1980’li yılların başlarında “birlik” moda bir kelimeydi. Herkes birlikten yanaydı ama bir türlü de gerçekleşmezdi ya da gerçekleşenler sosyalist hareketin yapısını değiştirecek kadar önemli değildi. Böyle bir toplantı çok sayıda katılımcıyla Almanya’da yapıldı. Yıl sanırım 1984’tü, yer de Köln ya da civarı olsa gerektir.

Bu toplantıya değişik örgütlerden katılanların bana ilettiğine göre, Yusuf Ali TKP’den çok TKP’ci bir tutum alıyor, görüşler savunuyor; o kadar ki, insanlar rahatsız oluyorlar. Toplantıya katılanlardan Mihri Beli söz alıp, “senin söylediklerin TKEP’i bağlamaz” diyor.

Yusuf Ali toplantıdan sonra bana Mihri Belli’nin provokasyonundan söz ettiğine göre anlatılan olay aynen böyle olsa gerektir.

TKP dışından bir kişi TKP’nin görüşlerini savunabilir ama bunun yolu vardır. TKP’den çok TKP’ci olmak doğaldır ki garip karşılanır hatta tepki toplar.

Daha sonra gerçekleşen bazı olaylarla birleştirdiğimde Yusuf Ali’nin neden böyle davrandığını anladım. TKP’nin TKEP içindeki ayrılığa aktif müdahale etmesini istiyorlardı. TKP ise, bir deyimle, topa girmiyordu çünkü durum belirsizdi.

12 Eylül’ün azgın günlerinde Türkiye’de kimin durumu nedir konusunda sağlıklı bilgi almak çok zordu. Muhalefetin iddiasına göre partinin büyük bölümü onlardan yanaydı ama partinin görülebilen kesiminde durum hiç de böyle değildi.

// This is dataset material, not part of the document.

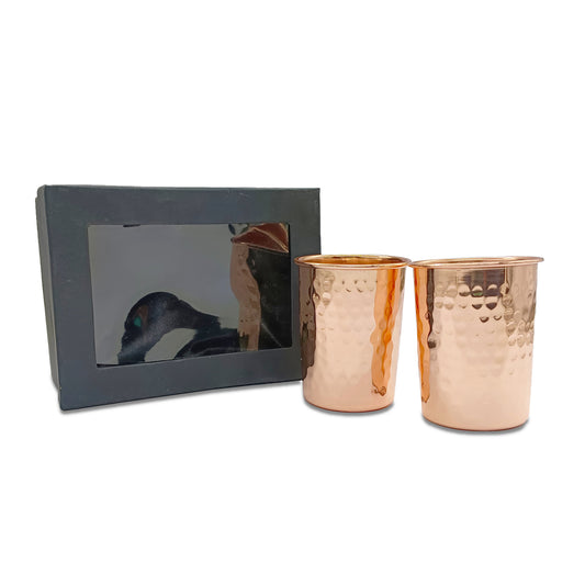 Casaveda® Pure Copper Hammered Glass – 300 ml Water Copper Glass Tumbler for Health Benefits, Elegant Drinkware, Set of 2

Ortadoğu Örgütü –Teslim Töre de oradaydı- bunlara karşıydı.

Almanya da blok halinde aynı tutumdaydı.

Durum yeterince belirli olmadığı için TKP de aktif tutuma girmiyordu. Kendi açılarından haklıydılar çünkü yanlış tarafa destek olurlarsa iyi olmayacaktı.

TSİP bu arada Gültekin Gazioğlu’nu Teslim Töre ile görüşmesi için Suriye’ye gönderecekti. Bana kendileri ilettiler. Sonucu sormadım, Teslim’in ne söyleyeceği belliydi.

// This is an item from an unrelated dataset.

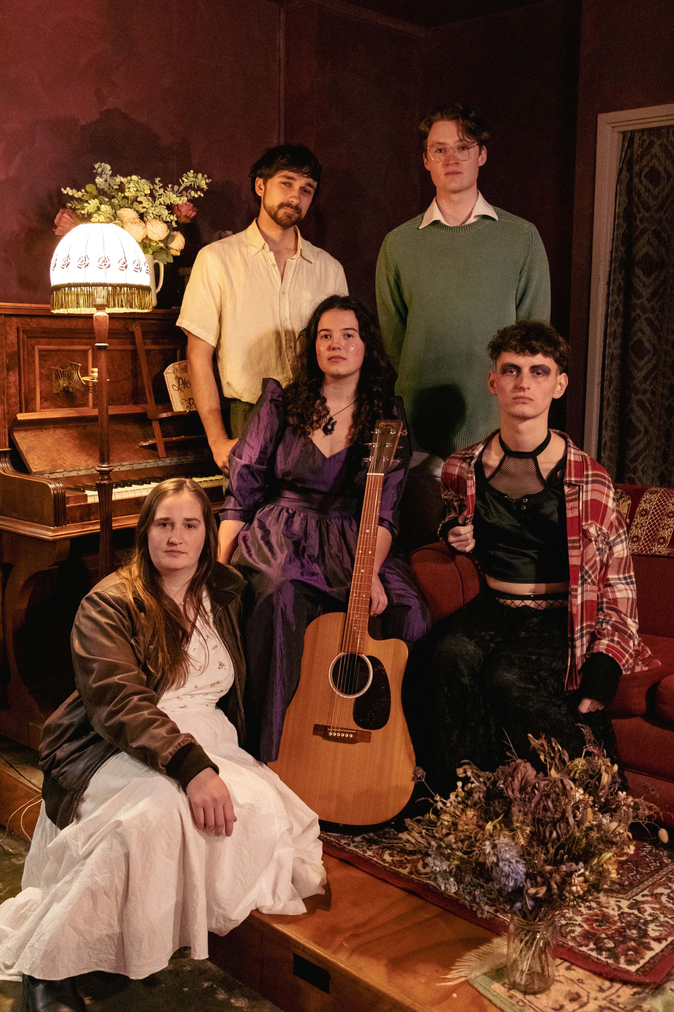 Lucy Summerfield + Band from left to right: Joanna Dann (cello), Toby Sussex (guitar,vocals), Lucy Summerfield (guitar, vocals), Aiden Hosie (drums), Hazel Elder (bass)

Avrupa’dan bir şey çıkmayacağını gören muhalif MK üyelerinden ikisi, Yusuf Ali ve Kadir Pek Türkiye’ye döndüler. Hangi yoldan, bilmiyorum.

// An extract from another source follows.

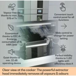 Klarstein Contempo Neo Substructure Cooker Extractor Hood 60cm 175m³ / H LED Stainless Steel Acrylic
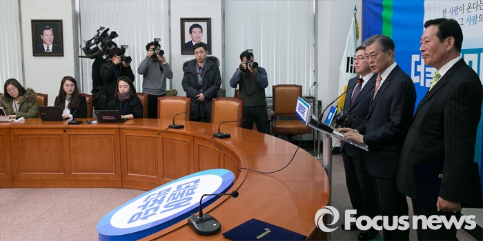 (서울=포커스뉴스) 문재인(가운데) 더불어민주당 대표가 14일 오전 서울 여의도 국회에서 하정열(오른쪽) 한국안보통일연구원장, 박희승 전 수원지법 안양지원장 인재영입 기자회견을 하고 있다.

Birkaç ay sonra haftada bir yaptığımız mutat telefon görüşmesinde Teslim Töre bana Sol Birlik’te –o sırada kurulmuştu- partiyi temsil etmemi söyledi. Gerekçesi; diğerleri partinin çizgisini savunmazlar, başımıza iş açarlar, idi.

O sırada henüz MK üyesi değildim ve normal olarak parti adına konuşamazdım. Ancak Avrupa’da kalan muhalif MK üyelerinden herhangi bir itiraz gelmedi.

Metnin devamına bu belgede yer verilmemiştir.